Among other things, the new mandates call for companies that employ 50 or more full-time equivalent employees to offer health insurance to workers who average 30 or more hours a week, and to new hires after no more than a 90-day waiting period, Pezold said.
“Tracking all that is burdensome,” Pezold said. But Paycom, on a per-head annual fee, can handle the tracking and maintain information in a central place for consistency and in case of audits, she said.
Self-funding is one response
Jim Millaway, of The Holmes Organisation, said moving from fully-insured health plans to self-funded plans is a way for employers to avoid many of the ACA mandates and better control health care costs.
“If you're self-funded, you know where you're spending your money, versus writing a big premium check every month with your eyes closed,” Millaway said.
“Under no circumstances would you pay someone to tile your bathroom without knowing until it's done what the job costs,” he said. “And if the costs were still going up 20 percent a year, I promise you we'd fix it.”
Millaway said the attachment point for stop-loss insurance, which covers the risk of companies that self-fund, has dropped dramatically to affordable levels, now near or even with employers' annual insurance premiums.
“Every employer — especially those with over 50 employees — should look long and hard at becoming self-funded,” Millaway said. He said his own company, which has a staff of 42, moved to the model in October. “It was the ACA that helped us finally make the call,” he said.
AT A GLANCE
NEW MANDATES COMING
Businesses with 50 or more full-time equivalent employees must offer health insurance to employees who average 30 or more hours per week from the preceding year or pay annual penalties of $2,000 per full-time employee, excluding their first 30. The formula to determine large employer status takes employees' total number of monthly hours worked during a designated three-month to 12-month measurement period. Employees who work more than 130 hours for the measurement period are considered full-time.

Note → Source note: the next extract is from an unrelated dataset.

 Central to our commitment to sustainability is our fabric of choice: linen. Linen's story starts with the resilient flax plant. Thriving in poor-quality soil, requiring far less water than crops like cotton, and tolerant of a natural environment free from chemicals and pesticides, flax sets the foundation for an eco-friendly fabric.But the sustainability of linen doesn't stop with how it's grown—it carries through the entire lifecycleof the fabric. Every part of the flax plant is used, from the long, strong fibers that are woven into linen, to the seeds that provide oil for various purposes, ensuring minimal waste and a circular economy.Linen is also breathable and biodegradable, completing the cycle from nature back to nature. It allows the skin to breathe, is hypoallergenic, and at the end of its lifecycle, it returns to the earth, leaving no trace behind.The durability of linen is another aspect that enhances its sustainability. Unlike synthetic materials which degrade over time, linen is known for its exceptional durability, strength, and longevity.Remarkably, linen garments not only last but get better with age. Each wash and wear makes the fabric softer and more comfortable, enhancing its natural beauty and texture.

If the company has fewer than 50 full-time employees, it also will want to count full-time equivalent employees by taking the total hours worked for a month divided by 120 (the total monthly hours for a full-time, or 30-hour-a-week worker) then add the two together. An employer with 35 full-time workers and 20 who average 24 hours a week, for example, could be deemed as having the equivalent of 51 employees. The 20 part-time employees who work an average of 96 hours per month would count as 16 full-time workers — 1,920 (20 multiplied by 96) divided by 120. Employers may not be subject to mandates if they only exceed 50 full-time equivalent employees for 120 days or less a year.
The waiting period for insurance for new hires can't exceed 90 days without penalty.

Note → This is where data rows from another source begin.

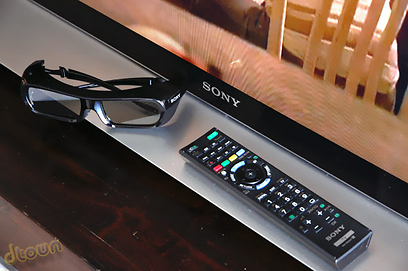 המסך של סוני מגיע עם זוג בודד בלבד של משקפי תלת מימד אקטיביים, מה שגורר הוצאה של עוד כמה מאות שקלים לזוג נוסף. הם מהסוג שאינו דורש החלפת סוללה אלא מגיע עם כבל USB לטעינה ישירות מגוף המסך. דופן זרוע המשקפיים הינה רחבה בכדי לצמצם כניסת אור צידי ולמרות שהמשקפיים מתקשרות עם המסך (לסנכרון התמונה) דרך אינפרא אדום, הקשר היה רציף כמעט תמיד.
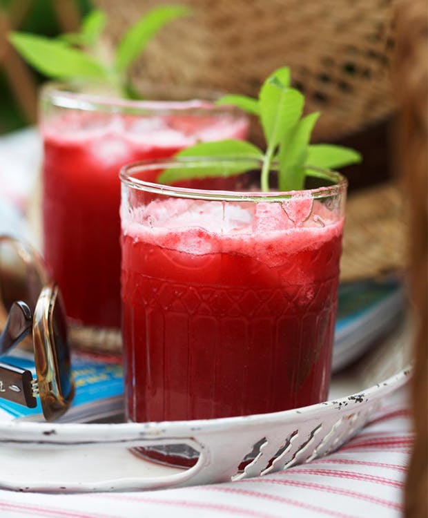 Hjemmelavet hindbærbrus er den perfekte afkøling i sommervarmen, og bringer glade barndomsminder frem til den gode sodavandsklassiker, der farvede tungen rød og smagte sødt og sommerligt.
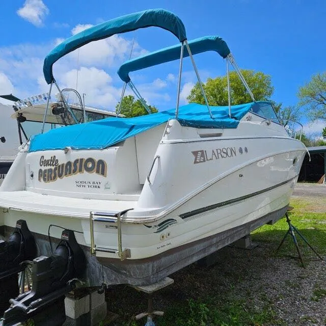 1996 Larson 280 Cabrio, Twin Merc 4.3 V6, 970 hours, Bimini Top, Camper Canvas, Bow Rail, Swim Platform, Swim Ladder, Anchor, Windlass, VHF, Depth Sounder, Galley refrigerator, Stove, Hot Water heater, Shower, Shorepower, Batery Switch, Head with holding tank

Most residents must have health insurance or pay penalty taxes on their 2014 tax returns. Residents between 100 percent of the federal poverty level ($11,490 for 2013, or $31,322 for a family of four) and 400 percent ($23,550, or $94,200 for a family of four) can buy health insurance through Oklahoma's federally run exchange and be eligible for variable tax credits based on annual income and family size. Online or phone enrollment begins Oct. 1; coverage is effective Jan. 1.
Businesses can face fines of $3,000 per employee for each worker who buys insurance on the exchange if the company's insurance is deemed inadequate (covers less than 60 percent of essential benefits) or unaffordable (costs more than 9.5 percent of a worker's salary, or $117.67 monthly for a minimum-wage worker).

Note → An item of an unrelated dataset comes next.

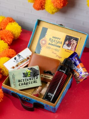 A perfect Rakhi gift containing a customized Wallet and Rakhi for your brother. Surprise your brother with a personalized gift and celebrate Raksha Bandhan by tying a Rakhi that’s designed especially for your brother. With the customized name on Rakhi, you can have Customized greeting card with Brother Sister name & 1 photo.

Since 2010, small employers who paid at least half the cost of single health insurance coverage for their employees could claim tax credits of up to 35 percent of premiums; 25 percent for tax-exempt organizations. The credit depended on the number of full-time employees, limited to 24, and average annual wages, which could be no more than $50,000. Businesses that use part-time help may qualify, even if they employ more than 25.